Are current conflicts, such as the internal war in Somalia, simply the "remnants of war"?
A new book by Scientific American writer John Horgan has sparked debate with its central thesis that war is not an inevitable feature of human nature but is a cultural invention that can be overcome. In an interview Corgan compares war to a virus: “Imagine your neighbor is a violent psychopath who is out for blood and land. You, on the other hand, are person who wants peace. You would have few options but to embrace the ways of war for defense. So essentially your neighbor has infected you with war.” This scenario has much in common with the security dilemma, in which even defensively motivated arms buildups and alliance formation (assume the violent neighbor only wants to protect himself) will provoke “counterbalancing,” raise tensions, and ultimately leave both sides less secure than they were before this spiral began. This logic of “one bad apple ruining the whole bunch” has also been used by democratic peace theorists to explain how democracies can behave so peacefully toward each other but, when facing an autocratic (and presumably more aggressive) state, their fear of being exploited or “suckered” leads them to act violently and perhaps even preemptively.
As noted realist scholar Stephen Walt points out, Horgan’s argument follows in the tradition of idealist thinkers such as John Mueller, who famously penned a book in 1989 called Retreat from Doomsday: the Obsolescence of Major War. Mueller’s argument in that book and its sequel, The Remnants of War, is that “major war” (war among the great powers) has very likely come to an end. This has occurred because the populations of the great powers have rejected war as a means of settling disputes, just as they earlier rejected institutions such as dueling and slavery when these practices came to be seen as uncivilized and reprehensible. What we are today witnessing, Mueller argues, is the remnants, or the “dregs” of warfare–war not among professional armies controlled by legitimate governments but among thugs frequently running loose in failed states and seeking self-enrichment.
What do you think? Is war an inevitable feature of human society or is it just an invention that can be overcome? If it can be overcome, what can policymakers and ordinary citizens do to make this dream a reality?
A U.S. warship launches a missile in support of NATO operations in Libya.
The U.S. House of Representatives on Friday issued a harsh rebuke of the Obama administration by refusing to authorize the Libya intervention (by a vote of 295-123), but it also voted down a resolution that would have cut off funding for military operations in Libya. Interestingly, a closer analysis of this vote shows that a majority of House members favor cutting off funds, but many anti-war members (particularly Democrats) voted against the defunding resolution because it didn’t go far enough, and would have allowed support activities such as surveillance and refueling.

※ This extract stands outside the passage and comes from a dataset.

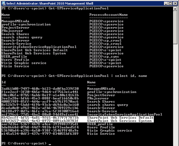 SharePoint has decided to use GUIDs for this Name. Within Central Administration the Application Pools are displayed using a SharePoint only property – Name, which is actually a Display Name (e.g. SharePoint Web Services Default).
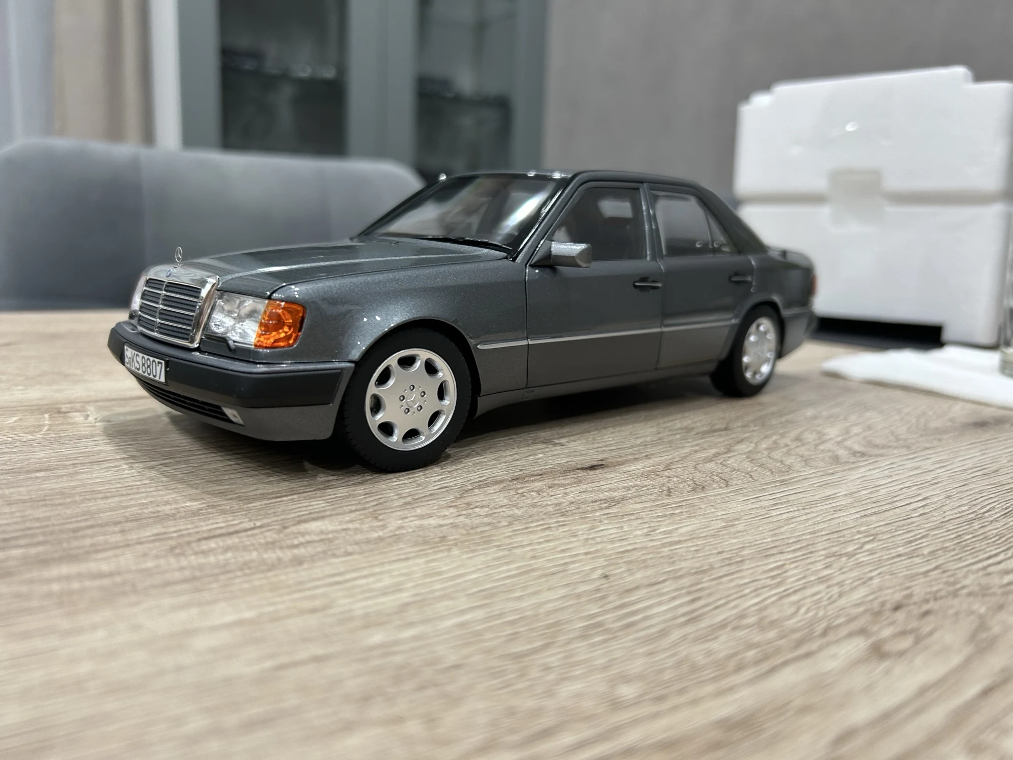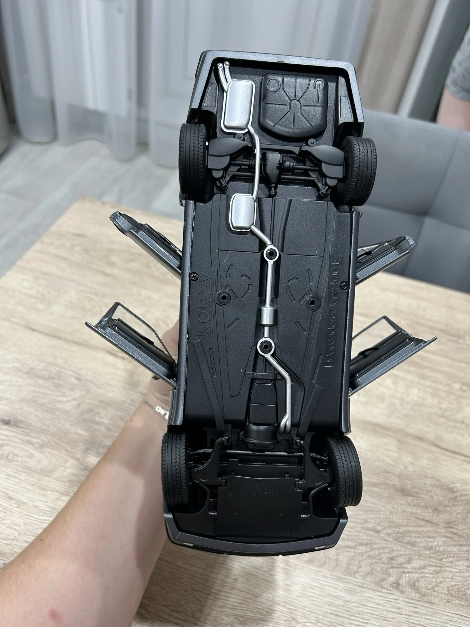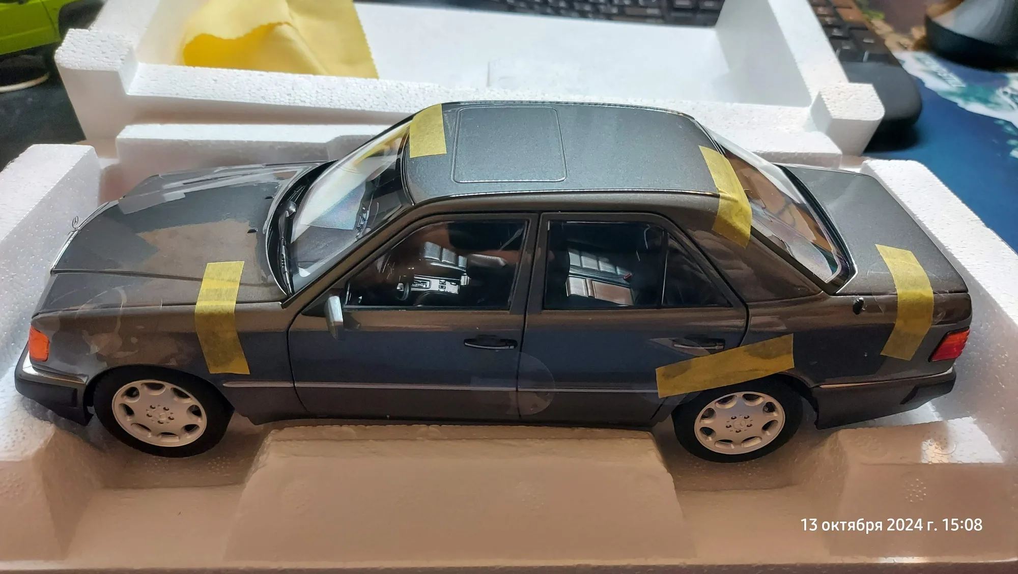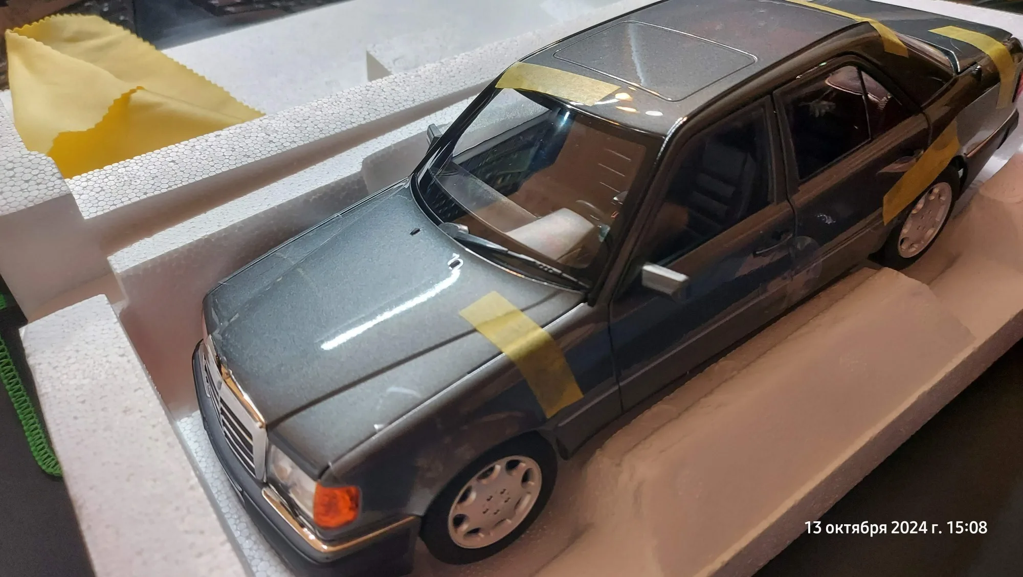 Модель полностью соответствует оригинальной машине. Была такая в детстве у отца. Очень тонкая эмблема мерседес на капоте, нужно быть очень аккуратным! Продавец хорошо упаковал товар. На коробке были защитные углы. В коробке модель была дополнительно зафиксирована лентами.

As discussed previously in this blog, many members of Congress charge that Obama has flouted the 1973 War Powers Act by launching military operations in Libya without receiving Congressional authorization. The Obama administration’s response it that its limited support functions in Libya do not constitute the type of hostilities that would require Congressional authorization. These legal arguments are detailed here. Many members of Congress and other critics aren’t buying this logic; they say we are obviously at war and Obama’s lawyers are purposely evading the truth to escape accountability. In a blog post titled “Obama, we’re at war. Stop insulting us,” Stephen Walt compares America’s actions to the dictionary definition of war, and concludes:
“By any reasonable, common-sense standard, in short, we are at war. It doesn’t matter that we aren’t using our full strength to help the rebels or that other states are doing more than we are. The plain fact is that the United States is using its military forces and intelligence capabilities to attack Libyan forces. In plain English, we are killing (or helping to kill) Qaddafi loyalists (and occasionally innocent civilians), in an openly-acknowledged campaign to drive him from power. Sounds like war to me, and to anybody else who isn’t being paid to find ways to evade or obscure reality.”
This dispute highlights the ways in which democratic leaders must deal with checks and balances on their war-making powers, as democratic peace theory contends, albeit in the context of a presidential system that frequently gives the U.S. president greater decision-making authority than prime ministers enjoy in parliamentary systems. The Libya case also illustrates how factors at multiple levels of analysis can influence policymaking. Although realists (particularly neorealists) emphasize constraints and opportunities at the international system level and downplay variables that differentiate states and individuals, the Libya intervention shows that individuals and domestic political institutions matter. Not only was the initial intervention driven by the beliefs of Obama and his top advisers, but a recent story by Josh Rogin suggests that the administration’s failure to handle the politics of Congressional authorization with anything approaching deftness can be attributed to the physical exhaustion of top officials including Secretary of State Hillary Clinton and Defense Secretary Robert Gates. The fact that Congress has the power to cut off funds for the Libya mission (and, according to some observers, could finally do so through an amendment to a Pentagon appropriations bill after the Fourth of July) demonstrates that the structure of domestic political institutions can have a powerful impact on countries’ foreign policy behavior.